◆ **Work item**: Every picture is to be removed, and all the data is to be copied exactly.
(Beginning of Data)
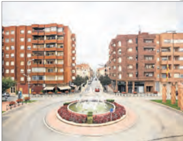
Vista d'Almacelles, on ahir va tenir lloc l'agressió.

En els últims dies, s'han produït altres episodis violents. A Lleida ciutat, la Guàrdia Urbana va actuar en quatre agressions violentes en una setmana. L'últim es va produir el passat 28 de maig, quan dos joves van agredir un home amb una fusta amb claus i un ganivet al carrer Pallars. Dies abans havien arrestat una parella per tres assalts a punta de navalla en ple carrer i un jove que va agredir i en va amenaçar un altre també amb una navalla.
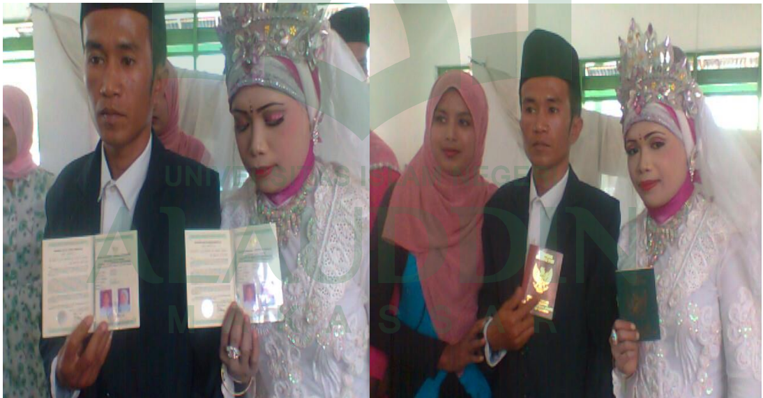
Gambar 9 dan 10 : Buku Nikah ini sudah di urus sebelum acara Ijab Kabul di laksanakan begitulah pernikahan sekarang, Prosesi Akad Nikah.
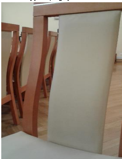
Zdjęcie pogładowe nr 8

Kolor wybarwienia drewna przedstawia zdjęcie pogładowe nr 8
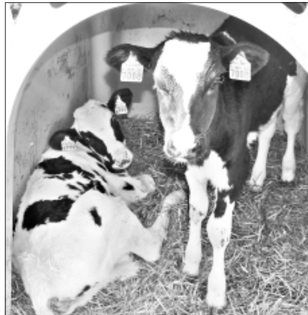
Mājīgi. Mazos teliņus bagātīgi baro ar pienu. Tad viņi aug veselīgi un attīstīti.
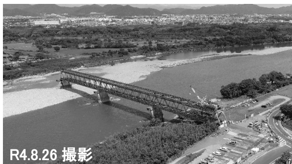
①車道桁撤去設備の設置状況
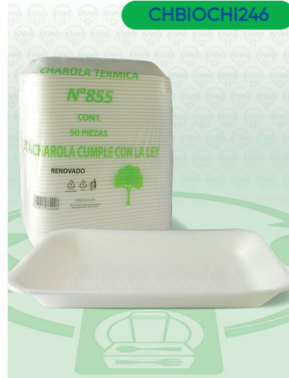
Charola Térmica Biodegradable No. 855

Marca. CHIMEX Precio Paquete. $45.00 Precio de Caja. $420.00
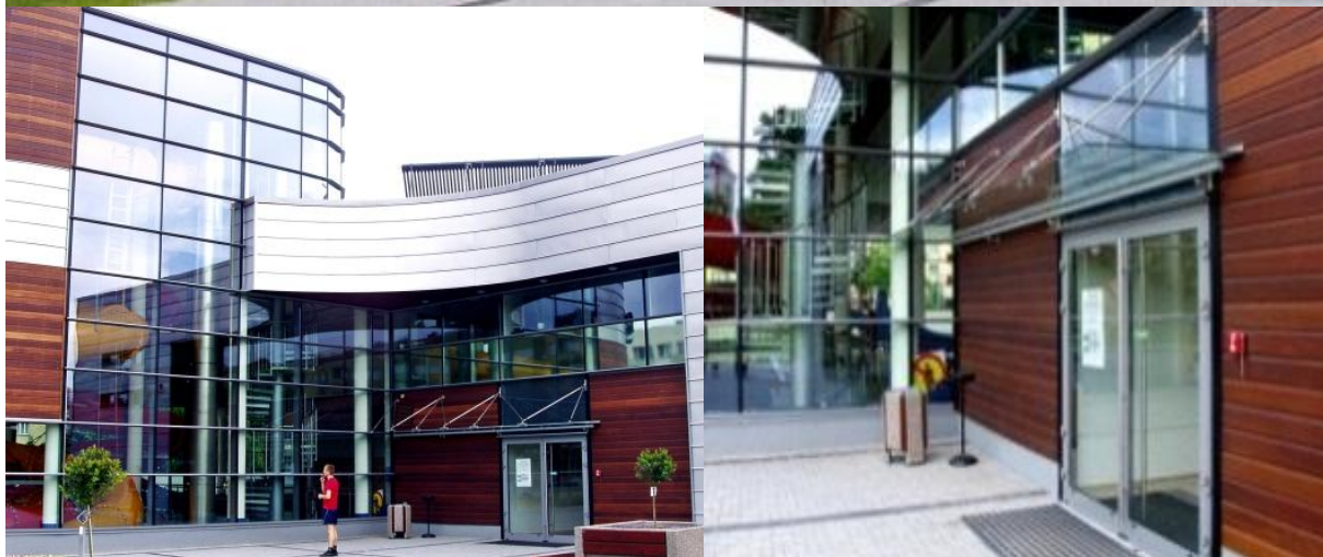
PŁYWALNIA ORKA Bolesławiec 2011

ul. Domaniówka 1 C, 25-413 Kielce, POLSKA ul. Warszawska 49 / 44, 25-531 Kielce, POLSKA
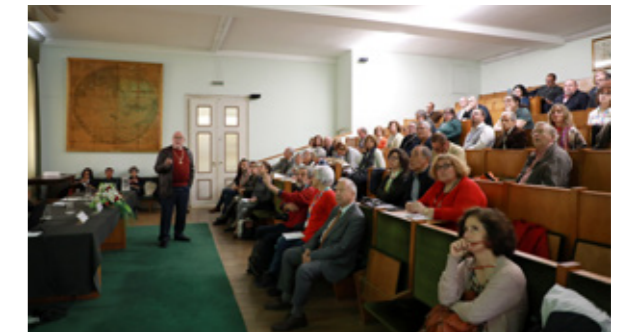
Aspeto dos trabalhos no dia 10 de maio no Auditório Adriano Moreira na Sociedade de Geografia de Lisboa.
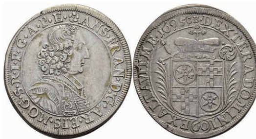
5312 Gulden (60 Kreuzer), 1695, Anselm Franz von Ingelheim, Dav. 658, Slg. Walther 439, ss. 150,—
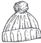
die Mütze die Mützen cap / قلنسوة
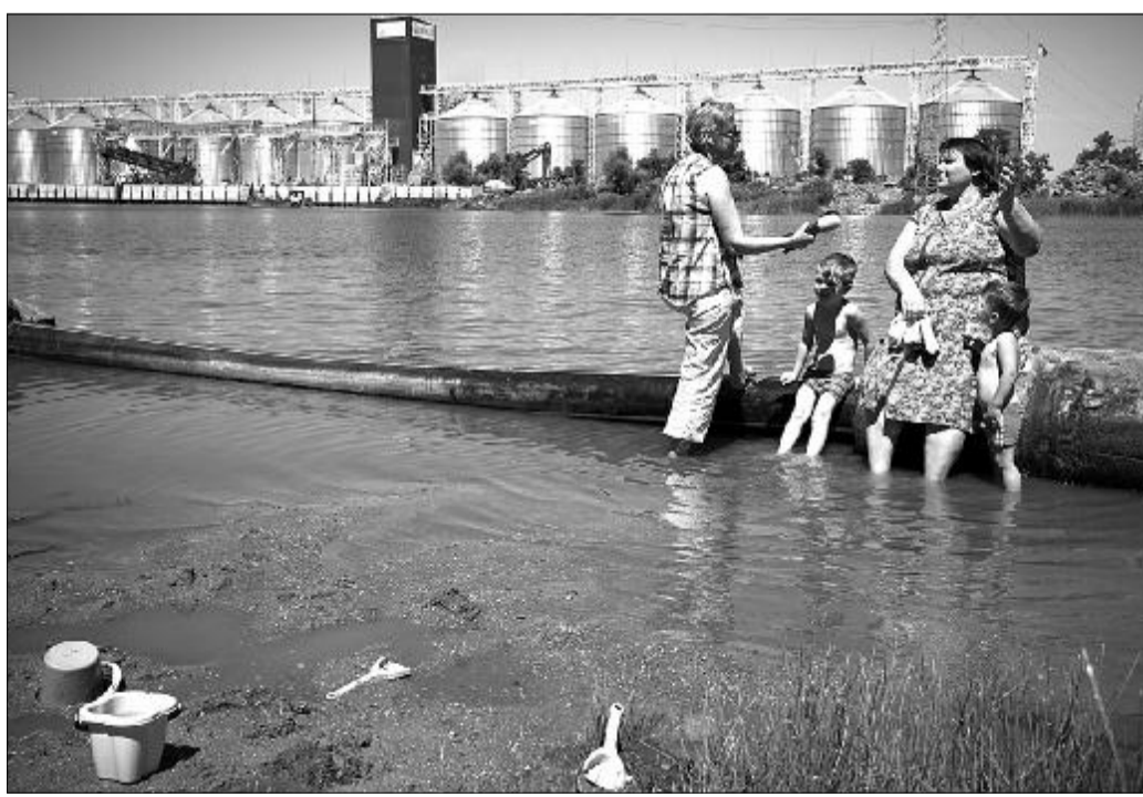
Местные жители поддерживают инвестиционный проект компании «НИБУЛОН»

Рабочая группа, посетив места, где компанией «НИБУЛОН» ведется дноуглубление в Прибужанах, а затем в Баловном, где эти работы уже завершены, не увидела «варварского уничтожения прибрежной зоны в Вознесенске», о котором предупреждала общественность николаевская блогер, зато отметила наличие краснокнижных кукушкин
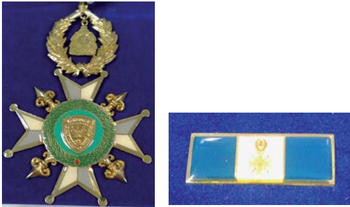
Condecoración “Gran Procer Marco Aurelio Soto”

General de la Policía Nacional previo informe del señor Subdirector de Bienestar Social, la cual será impuesta en ceremonia especial.
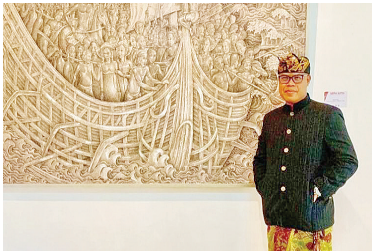
昆博士在画展现场
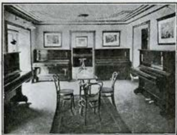
Vista interior del salón principal de la Sucursal.

efecto, no sólo un recreo agradable y sentimental, sino una completa educación artística a aquellos amantes de la música que, por impedírselo sus ocupaciones, por causa física, por el medio en que residieron durante los años más propicios al estudio, etc., no pudieron consagrarse al difícil y largo aprendizaje del piano.
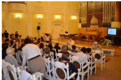
Торжественное открытие Фестиваля
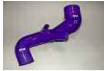
Audi S3 210/225 VE1030939 1999 > 2003 Tipo di Tubo: Induction Numero di Tubi: 1 euro 159,10
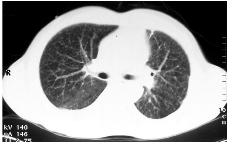
Fig. 2 – Padrão micronodular disperso por ambos os campos pulmonares

brônquicas, mais acentuados à esquerda, com secreções mucopurulentas escassas. Na toracocentese houve drenagem de líquido pleural (LP) de cor amarelo-palha, com características de exsudato (proteínas LP – 4,9 g/dl, LDH LP – 999 U/L, proteínas LP/soro – 0,7, LDH LP/soro – 2,7).
(End of Data)
◆ **Solution for this problem**:
Vista d'Almacelles, on ahir va tenir lloc l'agressió.

En els últims dies, s'han produït altres episodis violents. A Lleida ciutat, la Guàrdia Urbana va actuar en quatre agressions violentes en una setmana. L'últim es va produir el passat 28 de maig, quan dos joves van agredir un home amb una fusta amb claus i un ganivet al carrer Pallars. Dies abans havien arrestat una parella per tres assalts a punta de navalla en ple carrer i un jove que va agredir i en va amenaçar un altre també amb una navalla.
Gambar 9 dan 10 : Buku Nikah ini sudah di urus sebelum acara Ijab Kabul di laksanakan begitulah pernikahan sekarang, Prosesi Akad Nikah.
Zdjęcie pogładowe nr 8

Kolor wybarwienia drewna przedstawia zdjęcie pogładowe nr 8
Mājīgi. Mazos teliņus bagātīgi baro ar pienu. Tad viņi aug veselīgi un attīstīti.
①車道桁撤去設備の設置状況
Charola Térmica Biodegradable No. 855

Marca. CHIMEX Precio Paquete. $45.00 Precio de Caja. $420.00
PŁYWALNIA ORKA Bolesławiec 2011

ul. Domaniówka 1 C, 25-413 Kielce, POLSKA ul. Warszawska 49 / 44, 25-531 Kielce, POLSKA
Aspeto dos trabalhos no dia 10 de maio no Auditório Adriano Moreira na Sociedade de Geografia de Lisboa.
5312 Gulden (60 Kreuzer), 1695, Anselm Franz von Ingelheim, Dav. 658, Slg. Walther 439, ss. 150,—
die Mütze die Mützen cap / قلنسوة
Местные жители поддерживают инвестиционный проект компании «НИБУЛОН»

Рабочая группа, посетив места, где компанией «НИБУЛОН» ведется дноуглубление в Прибужанах, а затем в Баловном, где эти работы уже завершены, не увидела «варварского уничтожения прибрежной зоны в Вознесенске», о котором предупреждала общественность николаевская блогер, зато отметила наличие краснокнижных кукушкин
Condecoración “Gran Procer Marco Aurelio Soto”

General de la Policía Nacional previo informe del señor Subdirector de Bienestar Social, la cual será impuesta en ceremonia especial.
昆博士在画展现场
Vista interior del salón principal de la Sucursal.

efecto, no sólo un recreo agradable y sentimental, sino una completa educación artística a aquellos amantes de la música que, por impedírselo sus ocupaciones, por causa física, por el medio en que residieron durante los años más propicios al estudio, etc., no pudieron consagrarse al difícil y largo aprendizaje del piano.
Торжественное открытие Фестиваля
Audi S3 210/225 VE1030939 1999 > 2003 Tipo di Tubo: Induction Numero di Tubi: 1 euro 159,10
Fig. 2 – Padrão micronodular disperso por ambos os campos pulmonares

brônquicas, mais acentuados à esquerda, com secreções mucopurulentas escassas. Na toracocentese houve drenagem de líquido pleural (LP) de cor amarelo-palha, com características de exsudato (proteínas LP – 4,9 g/dl, LDH LP – 999 U/L, proteínas LP/soro – 0,7, LDH LP/soro – 2,7).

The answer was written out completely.